The Danish Girl, welcome to this years Oscar bait and boy does it show. When I first saw the trailer to this film in the cinema my first thoughts were: “here we go, theory of everything all over again.” When I came to watch the film, I was expecting the same shallow and distant mis-telling of an interesting and wonderful story, moved along only by the fantastic performances of the lead stars. What I got? Well…what I got wasn’t that but I’m not sure if it’s much better.
The Danish Girl is a film that is already riddled in controversy due to the lack of a trans actor playing the title role. To touch on it slightly, my concerns with the film has nothing to do with that, on the whole I thought Eddie Redmayne’s performance was rather good and he fitted really well into the role. To call this film transphobic because it didn’t cast a trans actor in the role is ridiculous and I urge people to not label it as so.
The title character is Einar Wegener, a painter who was born a man but identifies as a women. We meet the character in the midst of her success alongside her struggling wife’s (Gerda Wegener played by Alicia Vikander) career, also as a painter. One day when a sitter is late to appear in one of Gerda’s paintings, Einar sits in, donning stockings and a dress. This is the pivotal scene where we first see Einar’s realisation that she was born in the wrong body. Initially, Gerda goes along excitably with Einar’s exploration into this side of her; willingly going out to pick out dresses and teaching Einar how to appear and act as a women.
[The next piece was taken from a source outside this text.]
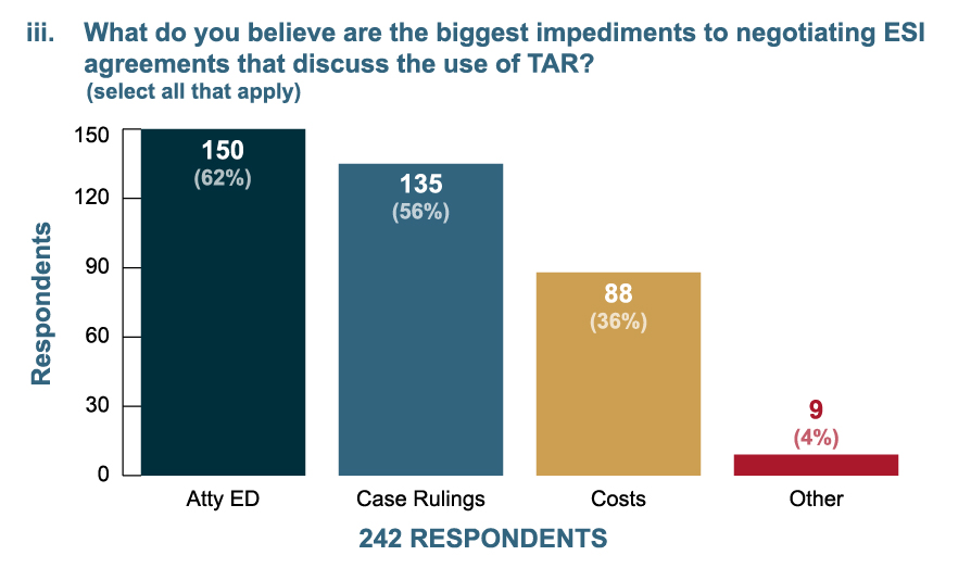 A troubling pattern of poorly constructed Electronically Stored Information (ESI) agreements came out in both the 2023 and 2024 surveys. These agreements have often led to significant downstream issues, including not foreseeing future data types and by increasing costs by agreeing to restrictive document review protocols. The findings emphasized the need for more careful negotiation and drafting of ESI protocols to minimize complications and disputes later in discovery.

It’s painted as a game the married couple share and enjoy, however things become too real for the two when Einar is approached by an admirer, played by Ben Whishaw, whilst in the Lili persona. So starts Einar’s journey to become a women, and so begins the breakdown of the Wegener marriage.
With the story aside, my concerns lie with how shallow the film’s telling of that story is. We are watching the first man to transform into a women and the complications it can bring to a marriage. The film is urging us, no, begging us to be on Einar’s side, to be gushing over the personal conflict she’s going through, and it thinks that it being a film about a trans person is enough. That we are obliged to be on their side. As much as I want to, and I really do, the film does a very poor job of getting me to do that. Now this isn’t the fault of Redmayne, his performance is really well done and you believe the conflict within the character, but is directed to be selfish and quite frankly harsh to others around her. Throughout the film, we see Einar being given tremendous amounts of support from others around her, no one (with the exception of some doctors and a couple of bystanders) rejects her choice or belief. Even her wife Gerda, who’s probably in one of the most difficult and testing situations one can find themselves, comes to fully support Einar. But time and time again, we see this support thrown back into the faces of the characters, more so than others Gerda. She endlessly tries to please Einar and do what she can for her but essentially gets burned for the efforts. However, there are points where the film becomes aware of this fact and tries amend Einar’s attitude, however it is handled so badly and rushed it just comes across as manipulative more than anything else.
But with that aside the performances are really good, but it isn’t Redmayne that should be collecting an Oscar this year, it is Vikander. Not only does she outperforms Redmayne, but she essentially carries the whole film. Every emotion, every conflict and every reaction can be seen in her performance alone. She brings great depth into the character and overall, you truly do side with her. You feel her pain and tragedy she goes through and you want to be at her side through it all.
Going on however, the film also greatly lacks ambition. Again it thinks because of it’s subject matter is enough to win the heart of the audience, but painting this tragedy as a glossy and whimsical tale shows how much the film doesn’t understand the story it’s telling. Even when we eventually get to the operation, there is no sense of struggle or hardship. The first ever gender reassignment surgery and it comes across as routine. The film makers attitude towards the topic is the same as the characters attitude towards Einar. They pussyfoot around the issue, they see it on the surface and they don’t want to understand, they just want to please and keep people happy. No ambition, no balls, no conflict. A shallow story kept abreast solely by Vikander’s performance.